The Cost and Efficiency of Token Generation Determine Everything
AI has shifted cloud computing's billing unit from commoditized computing resources to differentiated intelligent services. The explosive growth of Tokens has removed revenue ceilings for MaaS-layer income for the foreseeable future. The economies of scale and ecosystem lock-in enabled by standardized APIs are granting leading cloud providers pricing power to some extent.
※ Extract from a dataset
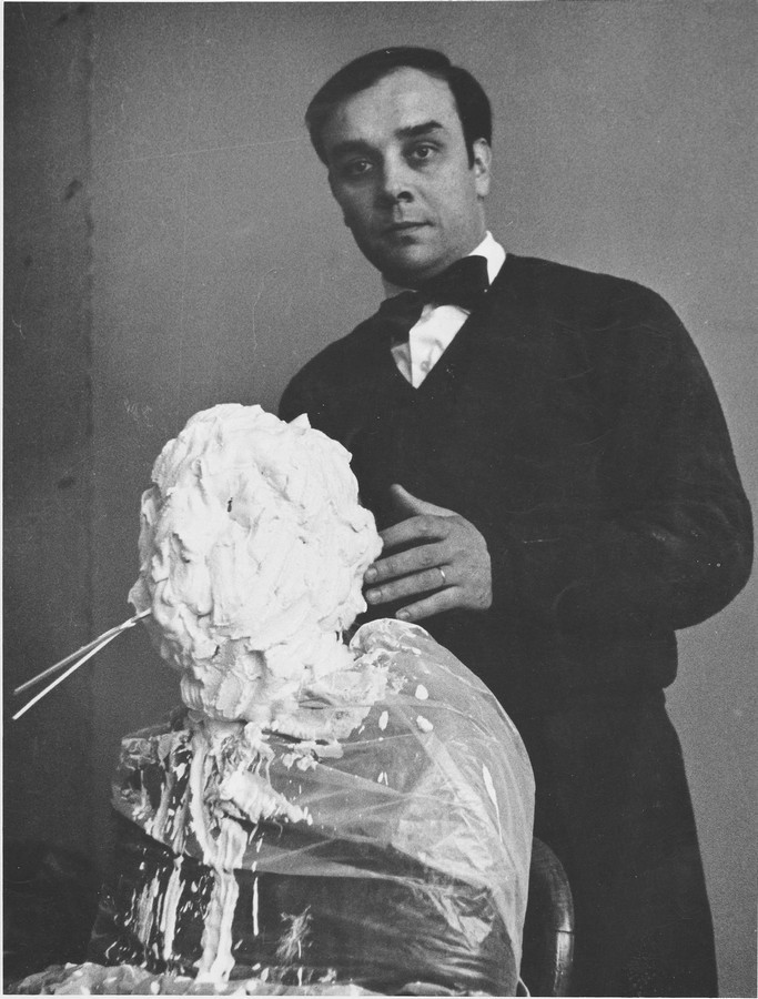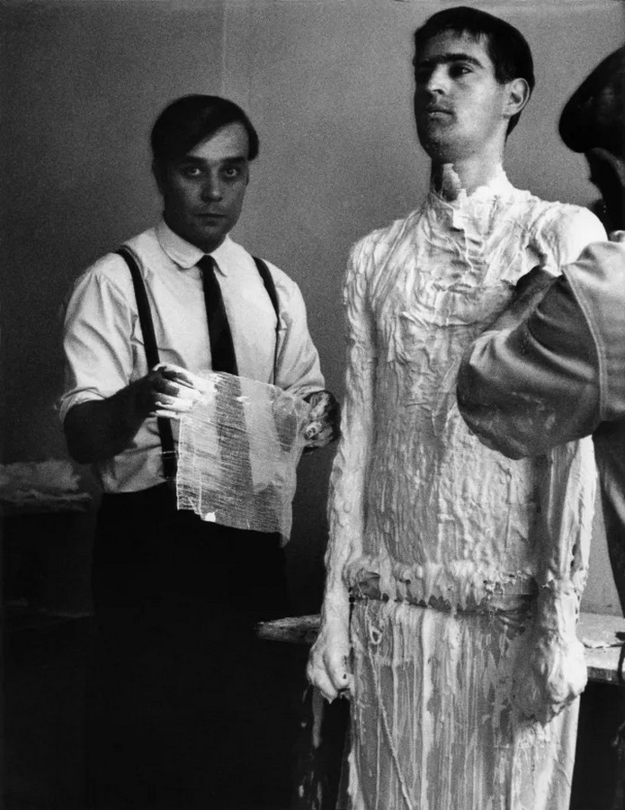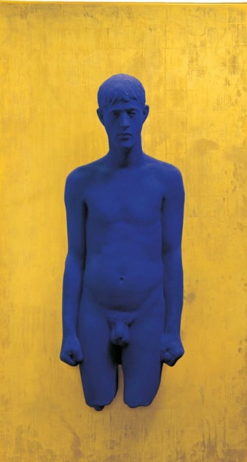 2 ans après, en 1962, Klein a entrepris de mouler les corps de ses amis. Des formes qu’il a ensuite peintes en bleu IKB et fixées sur des panneaux recouverts de feuilles d’or. Mise en scène qui donne un caractère d’icône à ses empreintes. Il fait :

AI has improved the cloud computing business model, but opportunities will likely belong to only a few players: those with sufficient cash flow to sustain hundred-billion-dollar computing power investments; those capable of self-developing chips or deeply integrating domestic computing power to build cost control capabilities outside NVIDIA's ecosystem; and those with self-developed models and MaaS engineering capabilities, as model strength directly determines Token throughput per card, unit Token costs, and ultimately gross margins.
As Jensen Huang said: The cost and efficiency of generating Tokens determine tech companies' revenue and survival.